All the works I have made seem to have just left behind by the person who made them. They are frozen objects in arrested rooms. It is fantastic to grow older and I try to freeze as many thoughts as possible in the best possible way.

You have often mentioned De Chirico, both in regards to the work shown at Collezione Maramotti and to others. Do you consider Isolated Bathroom/Composition to be a composition, albeit three-dimensional, more of a painterly or sculptural nature?

I just have this deep fascination for painting and I want to make works that are as silent as a painting. In my previous works you could step into the rooms but in this work you really look from the outside in a room. For me it is a three dimensional painting.

Inhabited for a Survey (First Floor Plan from Self-Portrait as a Building), from 1986, is one of your earliest works, based (like many others to follow) on the idea of self-portrait. What is it about this idea that fascinates you?

Making a self-portait is for me something very fundamental. When you write a book it is for me very logical to write it in first-person. So when I decided to start working on a fictional building it needed a fictional inhabitant. It was logical to give him the the same name as me. It is a fictional self-portrait, a selfportrait in the form of a building. It is a kind of 3 dimensional book. I am very interested in thinking and that humans can create objects and can project thoughts into things.

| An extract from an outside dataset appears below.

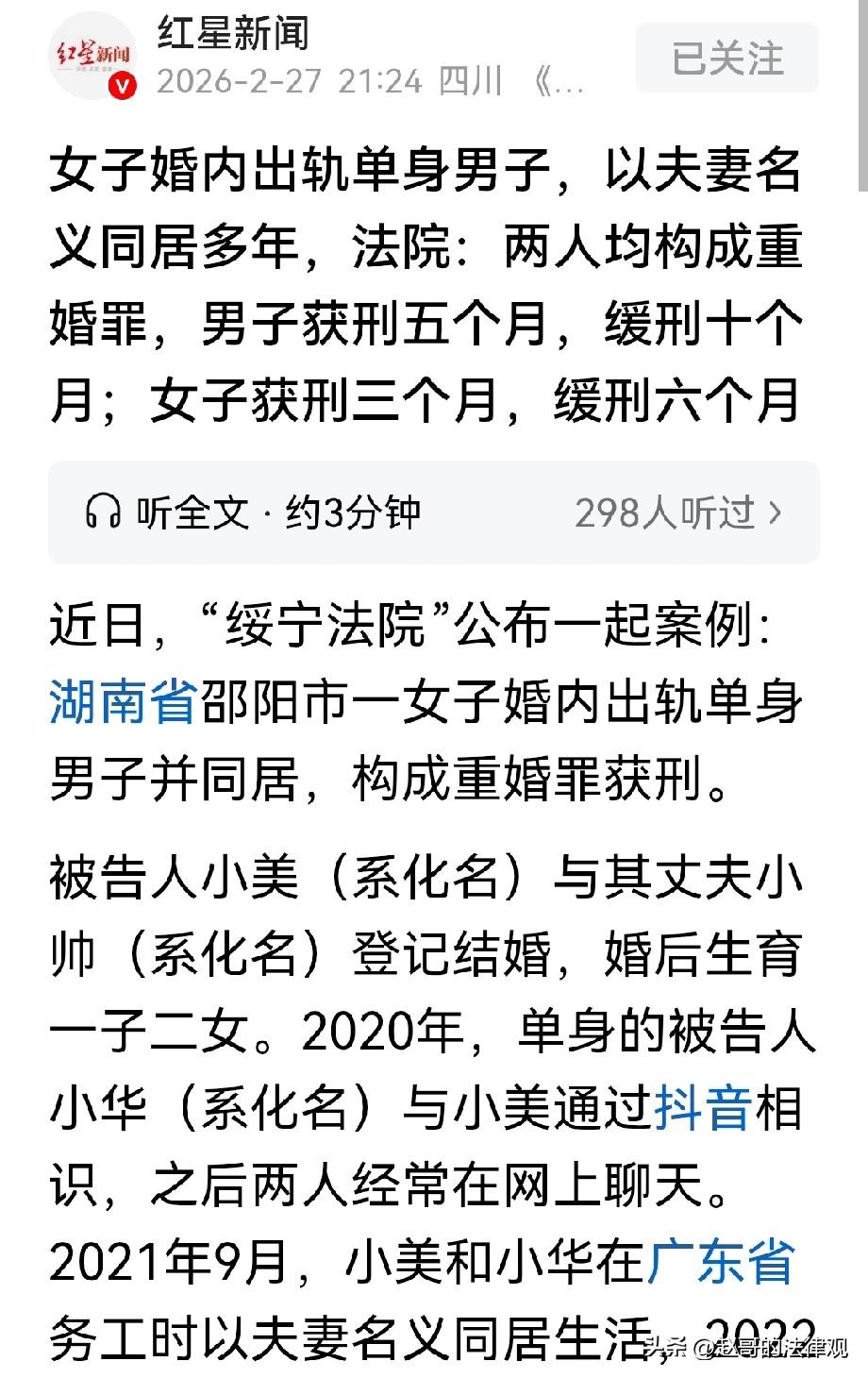毫无底线!湖南邵阳,女子婚后已有3个孩子,在网上聊了一男的,两人很快突破底线,做了夫妻之事。为了长厮守,女子狠心扔下3个孩子和丈夫,偷偷和男的私奔,他们在多个城市打工,以夫妻名义同居,丈夫还傻傻的蒙在鼓里。两人的好事被丈夫无意间撞破,两人又跑到另一个城市继续同居。丈夫怒斥:咋面对3个孩子? 小美和丈夫结婚10多年,开始小两口子恩恩爱爱,小美生下一个儿子两个女儿。 小日子虽平淡,却也充满了家庭的温馨。 小帅每天努力工作,想着多赚些钱,让妻子和孩子们能过得更好。 丈夫舍不得让妻子出去工作,小美也就有了更多的时间上网。 小美下载了交友软件,认识了单身的小华。 小华风趣幽默年轻帅气,小美一下子就被吸引住了。 两人开始频繁地在网上聊天,似乎有说不完的话题。 随着越来越熟悉,交流逐渐升温,一种别样的情愫在两人心中悄然滋生。 两人最终突破道德底线,约了线下见面,还到酒店开房,做了夫妻之事。 那次之后,他们再也收不住了,谁也离不开谁,已婚有3个孩子的小美,竟和对方商量好一起私奔。 两人来到一个陌生的城市打工,以夫妻名义共同生活。 他们租了一套房,像真正的夫妻一样,每天一起上下班,过着看似甜蜜的生活。 2022年,两人回到当地打工,小美对家里的3个孩子和丈夫不问不闻,人也不回家。 两人的胆子越来越大,甚至在朋友面前也毫不避讳地以“老公”“老婆”相称。 小美的合法的丈夫小帅,带着三个孩子艰难的生活。 后来小帅在一次偶然的机会,发现了小美并未在外地打工,而是和另一男人同居。 他感觉自己的世界都崩塌了。 他怎么也想不明白,曾经那个温柔贤惠的妻子,怎么会做出这样的事情。 愤怒、痛苦、失望,各种情绪涌上心头。 他试图找妻子理论,质问她为什么要背叛自己,背叛这个家庭。 小美一开始还有些慌乱和愧疚,但有小华撑腰,她就理直气壮起来,甚至和丈夫大吵一架。 为了避免和丈夫正面冲突,继续和小华在一起。 2023年,小美又和小华跑到浙江去打工。 在这个陌生的城市里,他们仍以夫妻的名义共同生活。 他们以为这样,就能逃避法律的制裁,逃避道德的谴责。 然而,他们错了,法律的红线是绝对不能触碰的。 2025年,小帅在发现小美出轨后,虽然内心痛苦万分,他收集了证据后,报了案。 警方经过调查,发现小美和小华,确实存在重婚的犯罪事实。 警方立案侦查,并由检方提起了公诉。 法庭上,小华站在被告席上,低着头,脸上仍是满不在乎。 他承认,自己一开始就知道小美是有配偶的人,但还是被感情冲昏了头脑,和小美以夫妻名义同居生活。 小美表示,自己对不起丈夫,对不起三个孩子,但事情已经发展到这一步,她也无可奈何。 法院经审理认为,小美在婚姻关系存续期间,与小华以夫妻名义同居生活,属于有配偶而重婚。 小华虽是单身,但他明知小美已婚,仍与其以夫妻名义同居生活。 属于“明知他人有配偶而与之结婚”的情形。 两人的行为,均符合重婚罪,依法应追究其刑事责任。 最终,法院以重婚罪,判处小华拘役5个月,缓刑10个月。 判处小美拘役3个月,缓刑6个月。 听到判决结果的那一刻,两人都傻了眼,他们终于为自己的不道德行为,付出了惨痛的代价。 其实,如果觉得婚姻不幸福,夫妻实在过不到一起,可以离婚,各自放对方一马。 既不离婚,还不管不顾的和别的男人同居,既不道德,还违法。 俗话说,娶妻不幸害三代,果真如此。 年纪幼小的3个孩子,从小在别人的指指点点中长大,以后会怎样看待他们的母亲? 小美有了这次的案底,有可能会对孩子们长大后的生活产生影响。 在这个充满诱惑的时代,人们需要保持清醒的头脑,坚守道德底线。 婚姻不是儿戏,它需要用心去经营,用责任去维护。 一旦选择了婚姻,就要对伴侣忠诚,对家庭负责。 如果感情真的出现了问题,也要通过合法、合理的途径,去解决问题。 依据《刑法》第258条规定:“有配偶而重婚的,或者明知他人有配偶而与之结婚的,处2年以下有期徒刑或者拘役。” 一夫一妻,是我国婚姻法的基本原则,每个人在同一时间只能有一个合法配偶。 重婚行为破坏了这种婚姻秩序,损害了无过错方的权益。 也对家庭和社会,造成负面影响,所以案例中的男女两人,要受到刑事处罚。 本案中,小美在已有丈夫和孩子,婚姻关系存续的情况下,与小华以夫妻名义同居生活。 对外也以夫妻相称,这就是典型的“有配偶而重婚”。 小华虽然单身,但他明知小美有丈夫有三个孩子,仍带小美私奔,以夫妻名义共同生活。 属于明知他人有配偶,仍与之同居的情形。 他们的行为,破坏了小帅的合法婚姻关系,伤害了其感情。 最主要的是,影响了孩子的成长。 法院对二人判处拘役,二人终于为自己的违法行为付出了代价。(文中均为化名) 关注@赵哥的法律观,欢迎评论区发表您的看法。

You’re one of the few artists who runs a proper publishing house (Roma Publications). Can you tell us what kindled your passion for books, and when?

A book is a great space to project thoughts into. The great thing about a book is that it is a space that you can put away and visit whenever you want. We like to make books that really feel like things or objects. What really fascinates me about making artist books is the way they relate to time. The way the pages relate to each other in sequence can be like a kind of architecture.